#"Hydroxylamine"#, #HONH_2# is a weak Bronsted base with #K_b=10^-8#. What is #pH# for a #0.024*mol*L^-1# solution?

1 Answer
Apr 21, 2017

Answer:

We need the stoichiometric equation............and get #pH~=9.#

Explanation:

#HONH_2(aq) + H_2O(l) rightleftharpoonsHONH_3^+ + HO^-#

And then we write the equilibrium expression:

#K_b=10^-8=([HONH_3^+][HO^-])/([HONH_2])#,

And we make the usual approximations, and invoke #x# as the moles of hydroxylamine that associate,

#K_b=x^2/(0.024-x)#

And if #"0.024>>>"x#, then #x~=sqrt(K_bxx0.024)#

i.e. #x~=sqrt(10^-8xx0.024)#

#x_1=1.55xx10^-5*mol*L^-1#, which is indeed small compared to #0.024#, but let us recycle that value back into the equation......
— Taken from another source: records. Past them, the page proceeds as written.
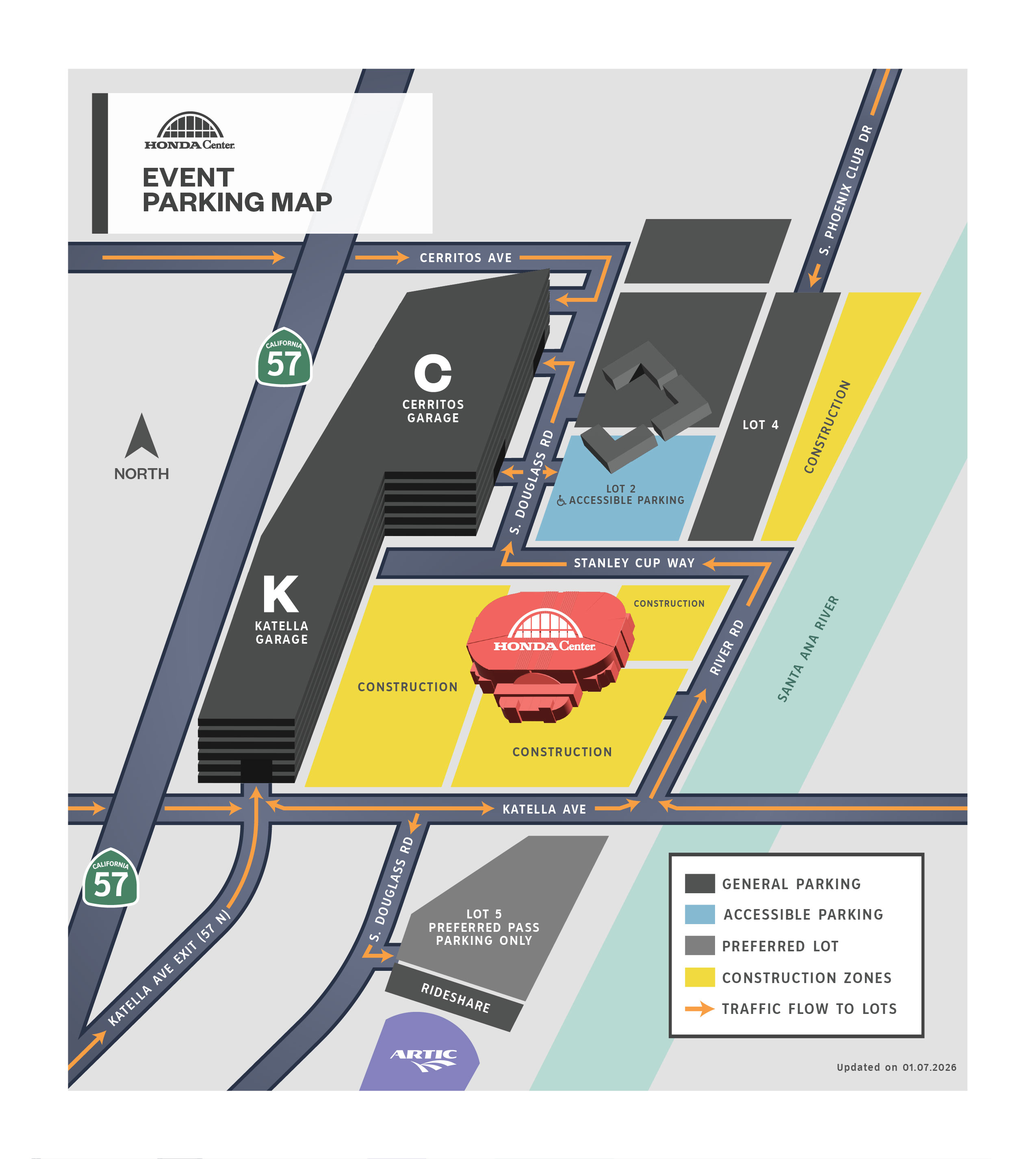 General parking at onsite lots and garages, including the newly available Katella Garage and Cerritos Garage, is included with event tickets listed on the Honda Center events page. There is no separate parking pass.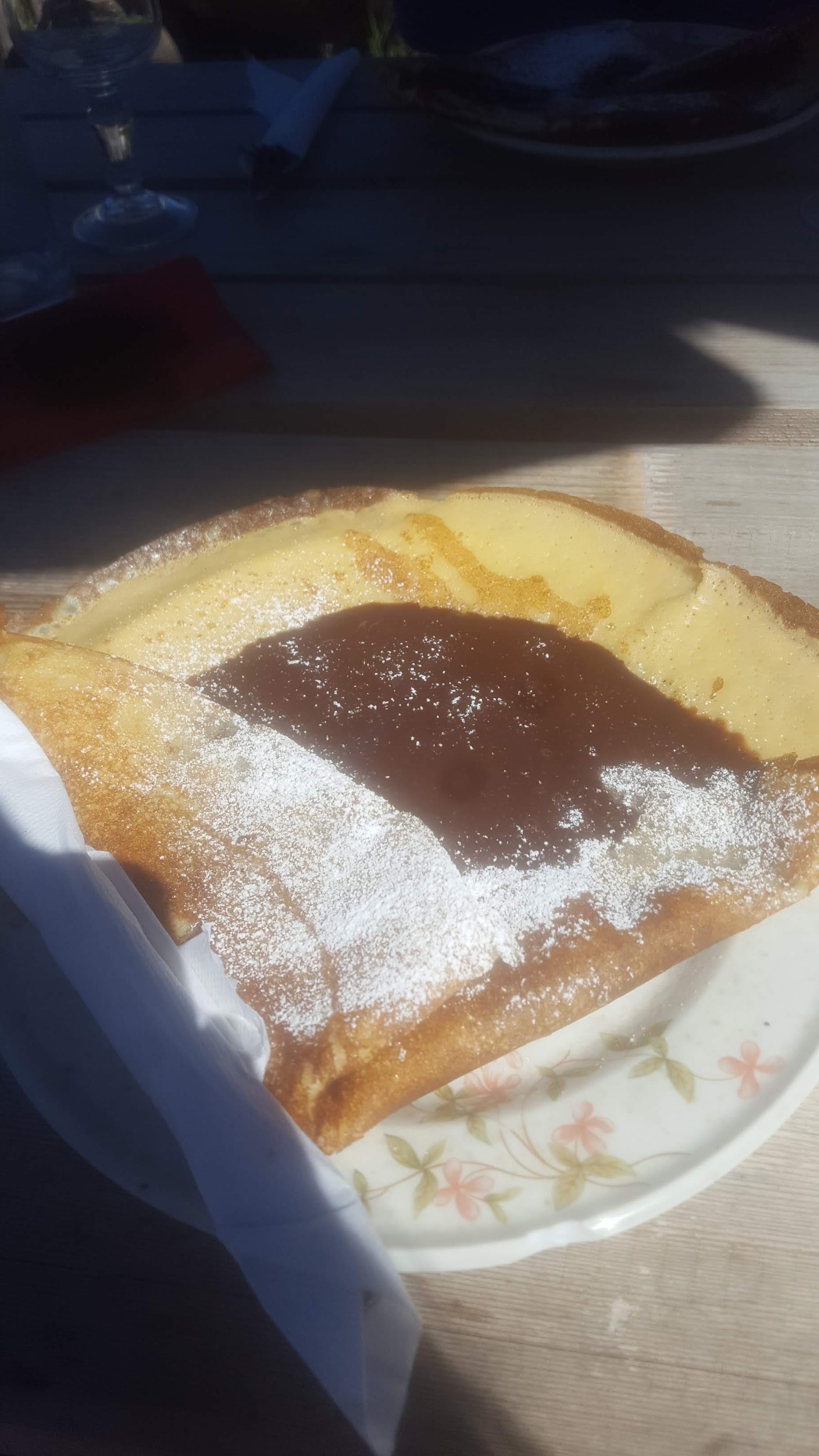 Restaurant d'altitude avec une décoration typique des Alpes. La serveuse était adorable et disponible bien que nous soyons arrivés tardivement en fin d'après midi. Nous avons pu boire des rafraichissement et gouter une crêpe à la confiture. Elle était gouteuse et bien garnie ! C'est appréciable quand dans d'autre restaurants on peine parfois à trouver la garniture.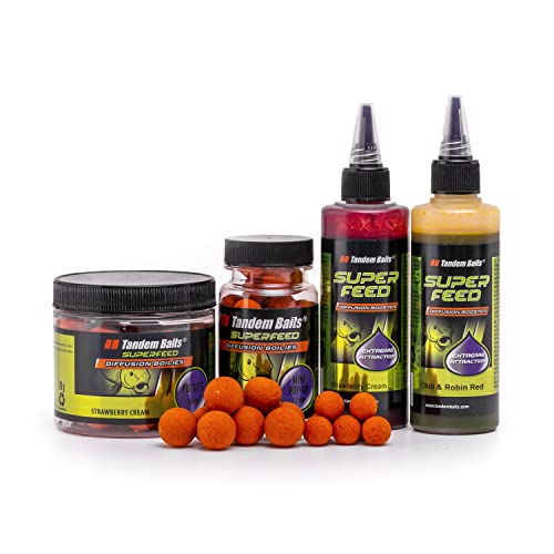 Tandem Baits Set di 4 Diffusion Baits Fishing Box L | Mini Pop Up Boilies 12 mm | Pop Up Boilies 16 mm | Diffusion Booster Attractor | Carpfishing Pesche Pesca Accessori | Alimentatore per la Carpa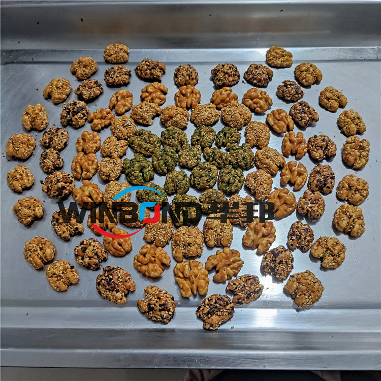 脫衣琥珀核桃仁,蜂蜜花生,琥珀核桃仁等產品流水線包括清洗、掛糖、油炸、冷卻、脫油、包裝等成套設備,有關設備以及加工工藝的更多信息請與我們聯系。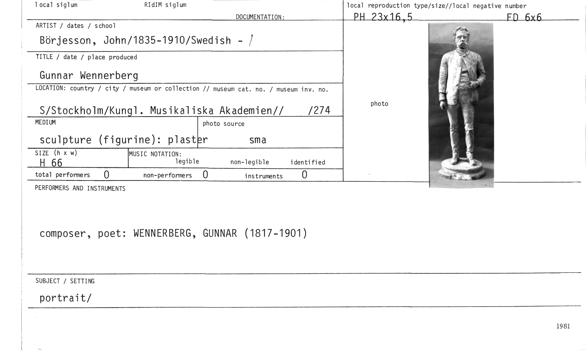 //// local siglum RIdIM siglum //// local reproduction type/size//local negative number //// PH 73x16,5 FD 6x6 //// DOCUMENTATION: //// ARTIST / dates / school //// • -4,1 4 //// photo //// Börjesson, John/1835-1910/Swedish - //// TITLE / date / place produced //// Gunnar Wennerberg //// LOCATION: country / city / museum or collection // museum cat. no. museum inv. no. //// S/Stockholm/Kungl. Musikaliska Akademien// /274 //// MEDIUM photo source //// sculpture (figurine): plast er sma //// MUSIC NOTATION: //// legible non-legible identified //// 0 non-performers 0 instruments 0 //// SIZE (h x w) //// H 66 //// total performers //// PERFORMERS AND INSTRUMENTS //// composer, poet: WENNERBERG, GUNNAR (1817-1901) //// SUBJECT / SETTING //// portrait/ //// 1981 ////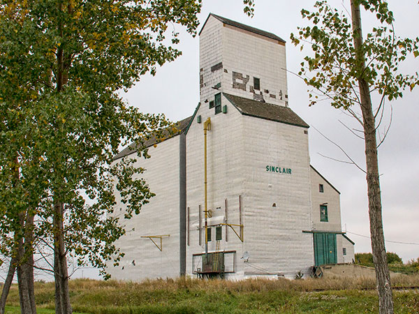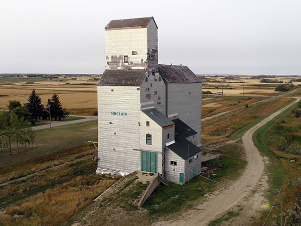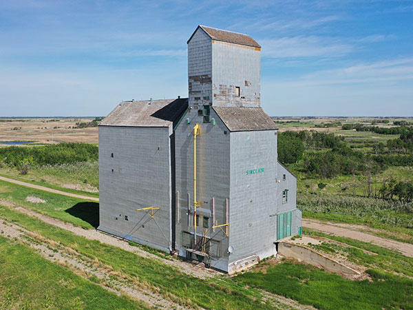 A wooden grain elevator at Sinclair, on the CPR Arcola Subdivision in the Rural Municipality of Pipestone, was built in 1928 by Manitoba Pool Elevators on behalf of a local association. In 1965, a new crib annex was built on the west side of the elevator, increasing its original 50,000-bushel capacity to 151,400 bushels. Renovations made in 1976 included installation of a digital scale, a new hoist, a second leg, and a new driveshed and office. Closed in 2002, the elevator was sold into private ownership. Used for a few years for local grain storage, it has been unused for over a decade, according to local residents.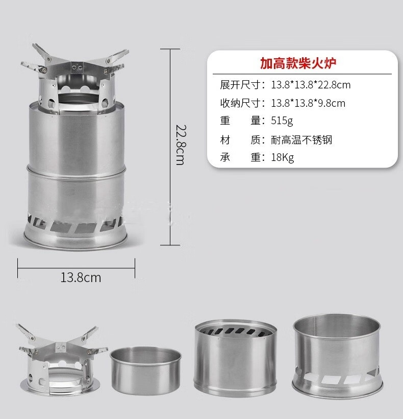 西盒 柴火炉户外便携焚火炉小型木炭烤火露营野炊烧烤不锈钢折叠简易 大号柴火炉配烤网

#x_2=1.55xx10^-5*mol*L^-1#,

So, from the equilibrium expression, we now know #x=[HO^-]=1.55xx10^-5*mol*L^-1#.

How does this help us, as we were asked to measure #pH#?

Well in aqueous solution under standard condtions, #pH+pOH=14#, thus #pH=14-pOH=14+log_10{1.55xx10^-5}~=9#. This is slightly basic, as we would expect for a weak Bronsted base.